I think what has become the focus of a lot of the press stories about this is the fact that in the course of its work, this team, in reviewing the intelligence that was provided to us by the CIA and the intelligence community, came up with some interesting observations about the linkages between Iraq and al Qaeda. And when they did, and they brought those to the attention of top-level officials here in the department, and we arranged for a briefing of these items to Secretary Rumsfeld, he looked at that and said, "That's interesting. Let's share it with George Tenet." And so some members of the team and I went over, I think it was in August of 2002, and shared some of these observations. And these were simply observations of this team based on the intelligence that the intelligence community had given to us, and it was just in the course of their reading it, this was incidental to the purpose of this group. But since they happened to come up with it and since it was an important subject, we went over, shared it with George and people at the CIA. My impression was it was pretty well received, and that was that. It was one meeting.

There have been a number of misperceptions about this team. One of them is that, there have been several press articles that have identified this team with the Special Plans Office in Dr. Luti's organization. Dr. Luti is the deputy under secretary of defense for -- let me get it right --

Luti: Special Plans and Near Eastern/South Asian Affairs.

Feith: Special Plans and Near Eastern/South Asian Affairs.

Luti: Twenty-seven countries.

Feith: And this intelligence cell -- alleged -- which is this team that did this particular project, which was not an intelligence project -- it was a matter of digesting other people's intelligence products -- this team is not -- was not part of that office; wasn't related to it. In fact, the team stopped doing its work -- basically, once we had that meeting with the CIA and the team had given us a report on these terrorist network interconnections, there was no team anymore. And they stopped doing their work before the Special Plans Office, if I have it straight, was actually created within Dr. Luti's organization.

Q: (Off mike.)

Luti: October of 2002. We had -- a decision was made in August of 2002 to reorganize, and Doug will explain to you why. But those are the dates.

Q: And that team stopped in August 2002?

Feith: Roughly. The -- (Chuckling.) -- and the Special Plans Office was called Special Plans, because at the time, calling it Iraq Planning Office might have undercut the -- our diplomatic efforts with regard to Iraq and the U.N. and elsewhere. We set up an office to address the whole range of issues regarding Iraq planning.

Luti: And if I may, it's clear to make a distinction; it's a policy planning office, just like -- in my shop, I have essentially three directorates: A Middle East directorate with a handful of people working, a South Asia directorate with a handful of people working, and I used to have a Northern Gulf directorate, which we expanded to meet the incredibly stepped-up requirements in the summer and fall of last year to deal with Iraq. We needed help, we needed people. So, we expanded it. And that's what I do -- policy planning.

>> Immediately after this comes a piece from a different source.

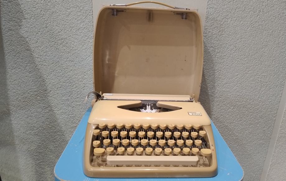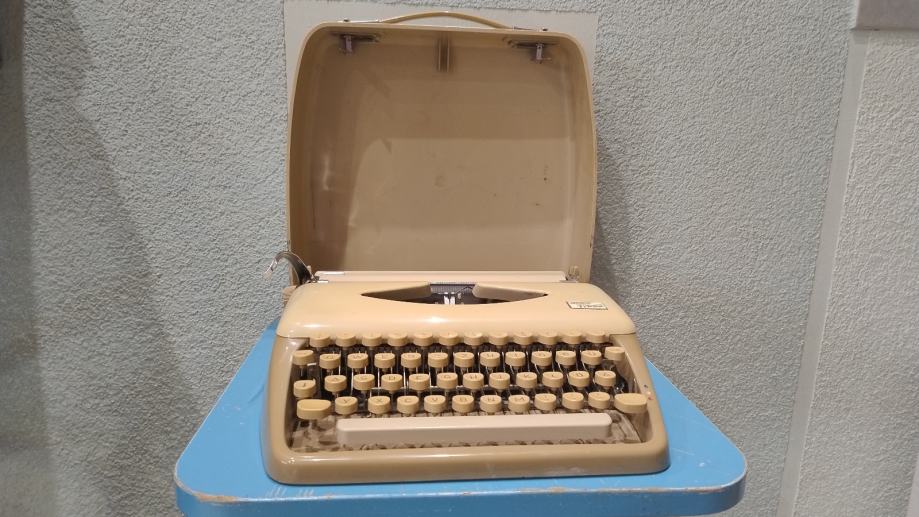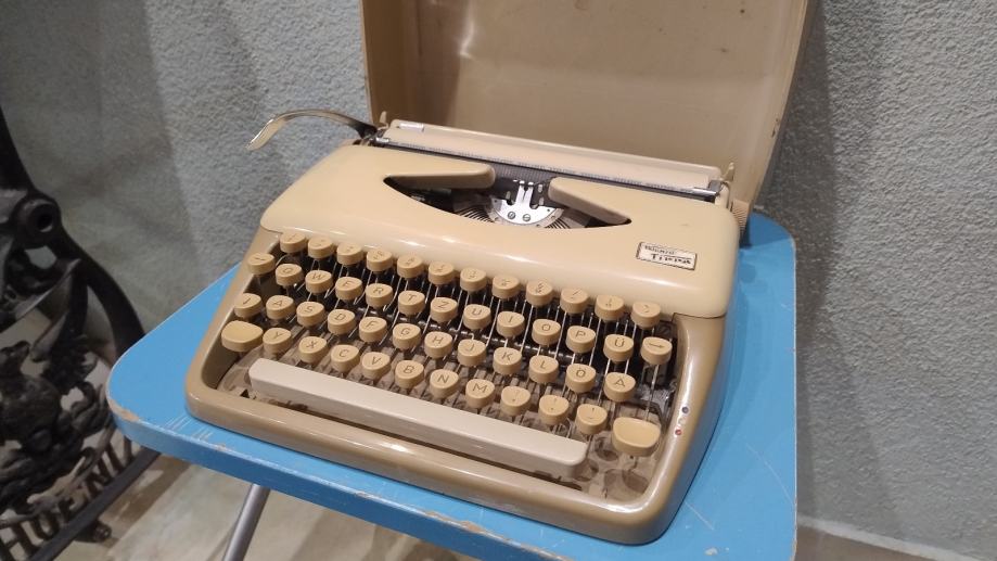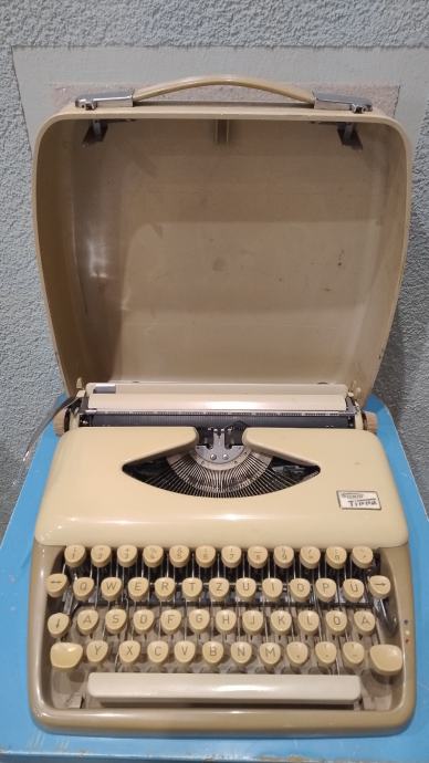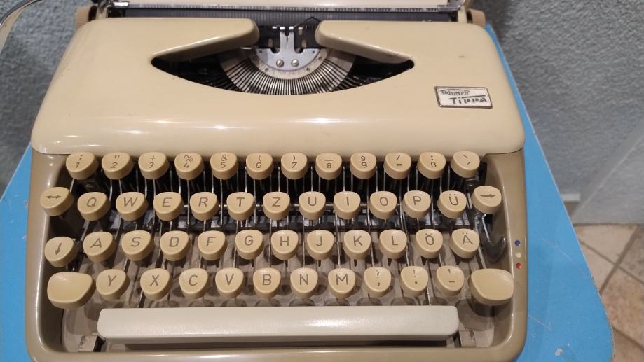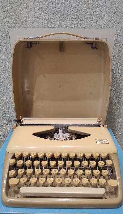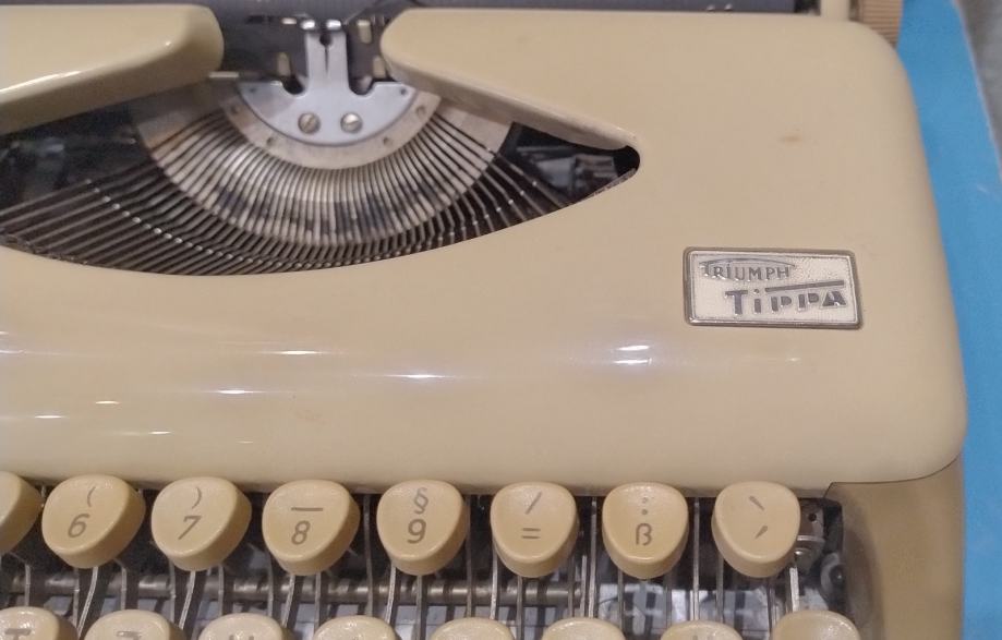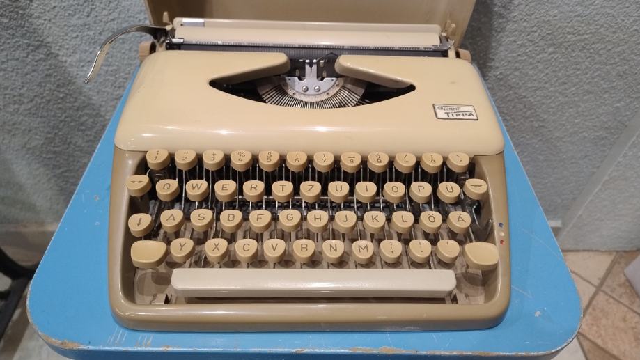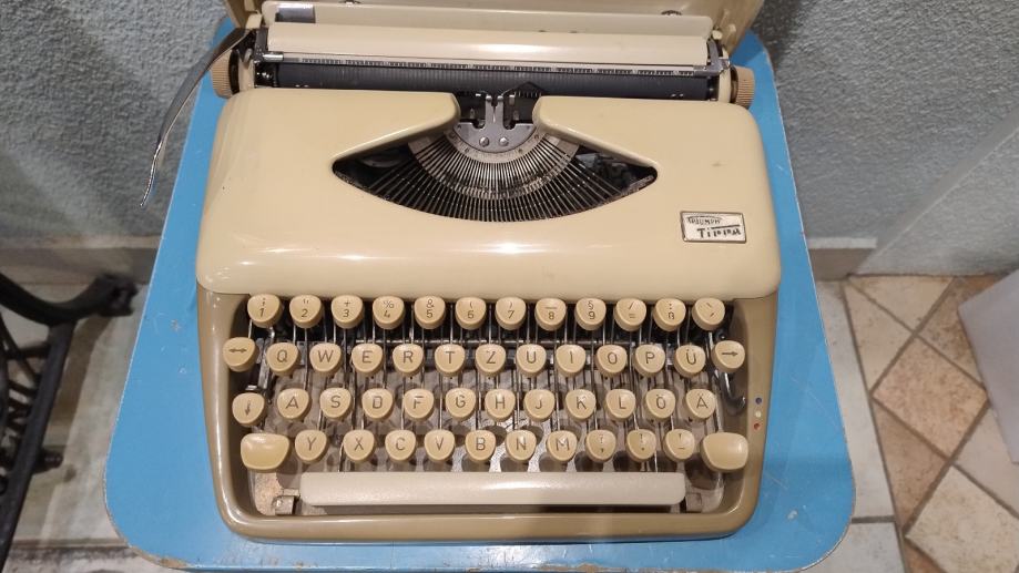Vintage pisaći stroj Triumph Tippa 1 iz 1966.g. Kućište je izrađeno od plastike, pa mu je shodno tome i mala težina. Mali pisaći stroj koji svojim ravnim i laganim dizajnom pomalo podsjeća na "Hermes Baby". Nije visok ni 6 cm, a težak je manje od 4 kg. Idealan i kao prijenosni pisaći stroj.Što se tiče ovog modela, zbog zaobljenog izgleda stječe se dojam da se radi o stroju s metalnim kućištem. Nedostaje mu samo hladnoća metala, inače djeluje robusno poput stroja od metala.I to je upravo ono što jest - robustan. Unatoč plastičnoj vanjštini, ne izgleda jeftino niti krhko. To je mali pisaći stroj čvrst kao kamen koji, kada se pospremi u kofer, stane čak i u ladicu.Uz stroj ide originalno uputstvo.

Feith: So, I mean, there have been some people who have kind of concocted a goulash of snippets about this team that was working on the terrorist interconnections and the Special Plans Office, and they mixed them up when there's no basis for the mix.

As I mentioned, this team that was doing the terrorist analysis was not focused on Iraq. I mean, they focused -- they did not have a narrow focus. It was a global -- it was a global exercise, even though this particular report that -- briefing, I should say, that was prepared and given to the CIA focused on Iraq and al Qaeda because, as I said, that kind of fell out incidentally from the work that they were doing on global terrorist networks.

Third, there are some press accounts that have tied the team to what is called the intelligence collection program, which was a program for debriefing Iraqi defectors over recent years. And in fact the team had nothing to do with that program or the transfer of the management of that program from the State Department to the Defense HUMINT [Human Intelligence] Service.

And the -- with regard to this intelligence collection program, the reports that were obtained from the debriefings of these Iraq defectors were disseminated in the same way that other intelligence reporting was disseminated, contrary to one particular journalist account who suggested that the Special Plans Office became a conduit for intelligence reports from the Iraqi National Congress to the White House. That's just flatly not true. And in any event, that was a Defense Intelligence Agency/Defense HUMINT Service function, and not -- it was not anything that was run out of the policy organization. So again, this is part of the goulash of inaccuracies.

And then finally there were some accounts that asserted that the team dealt with the weapons of mass destruction issue, and there have been a number of stories in recent days that suggested that this was a team that somehow developed the case on Iraqi weapons of mass destruction, and it didn't -- I mean, it -- and that is also flatly not true. The team was focused on terrorist networks; it was not focused on weapons of mass destruction.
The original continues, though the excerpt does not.